I understood why Casablanca schools are reluctant to teach their students about Israel when I visited the Alliance Narcisse Leven School, a prestigious Jewish private school with a bi-cultural Muslim and Jewish student body. I couldn’t tell the difference between the two nationalities when I heard a class of 6th graders singing Hebrew songs in unison, or when I watched kindergarteners holding hands and skipping during recess, unaware of the wars going on far away.
As an American Jew with Israeli and Moroccan roots I relate much more to the former than I do the latter.
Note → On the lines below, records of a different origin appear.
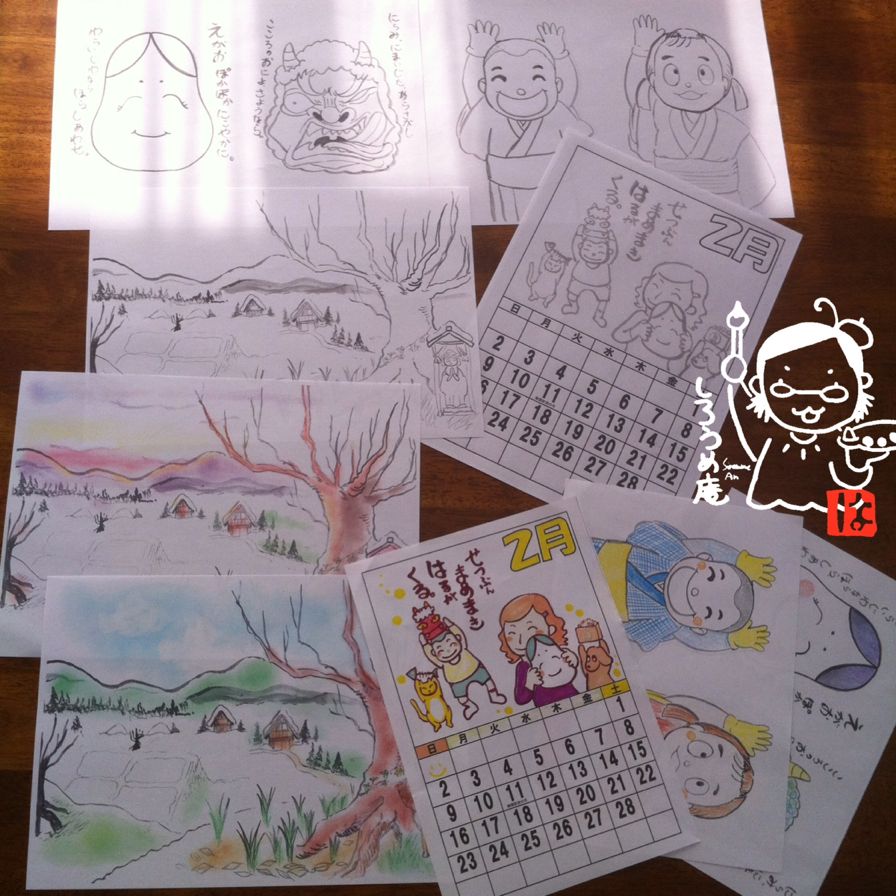 絵遊びぬりえ、節分の絵でご用意いたしました。
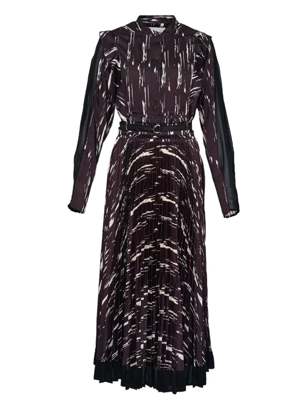 all-over graphic print dress Highlights - Espresso brown - Button fastening - All-over graphic print - Pleat detailing - Detachable belt - Long sleeves - Buttoned cuffs - Round neck Imported Composition Body: Polyester 100%
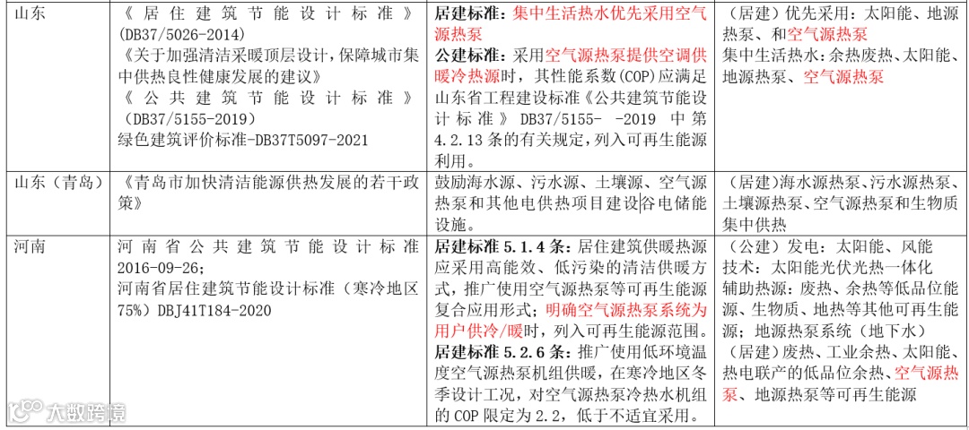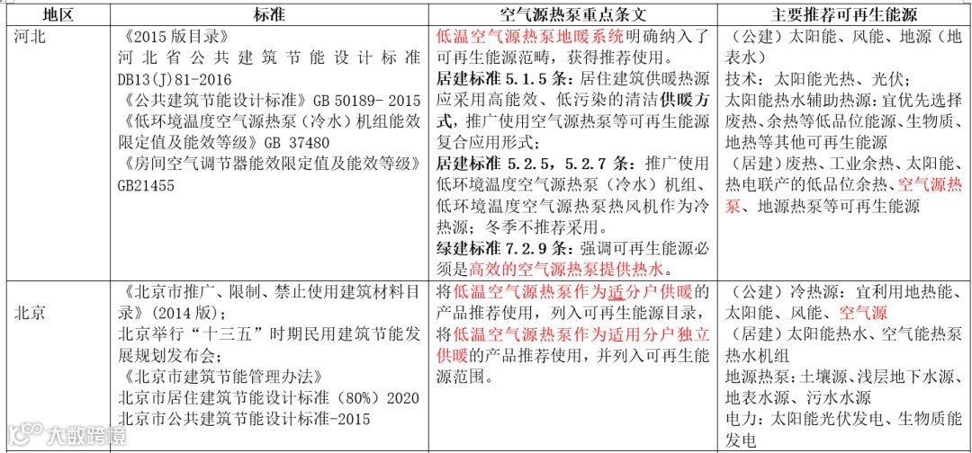 (2)对于新兴空气源热泵技术,空气源热泵技术用于建筑采暖和热水都算可再生能源的主要集中在:

Still, when people hear my surname, Azoulay, which dates back to the Spanish Inquisition, they ask if I’m Moroccan. If, perhaps, I am related to some big rabbi, or a famous painter, or the senior advisor to King Mohammed VI, Andre’ Azoulay. I stop them before they could voice their assumptions. “I’ve never even attended a henna party,” I explain in an attempt to wash away their speculations about my heritage.
What they don’t hear from my last name is the clammer of my grandparents’ suitcases, trying to escape a place where they couldn’t yet call their own. The rockets flying over their homes, or their mother tongue—a language dating back to the second millenium. It is hard to imagine identifying myself as a Moroccan Jew when I lived my life learning about zionism as the granddaughter of two Israelis.
Before I left Neveh Shalom’s school grounds for the last time, I saw a sign glaring at me behind the playground. It read in Hebrew: “Im eshkachech Yerushalayim tishkach yemini.” [If I forget thee, O Jerusalem,let my right hand forget her cunning]. Even though teachers are not boasting of Israeli nationalism to their students in school, I felt comforted finding their subversive nod eastward.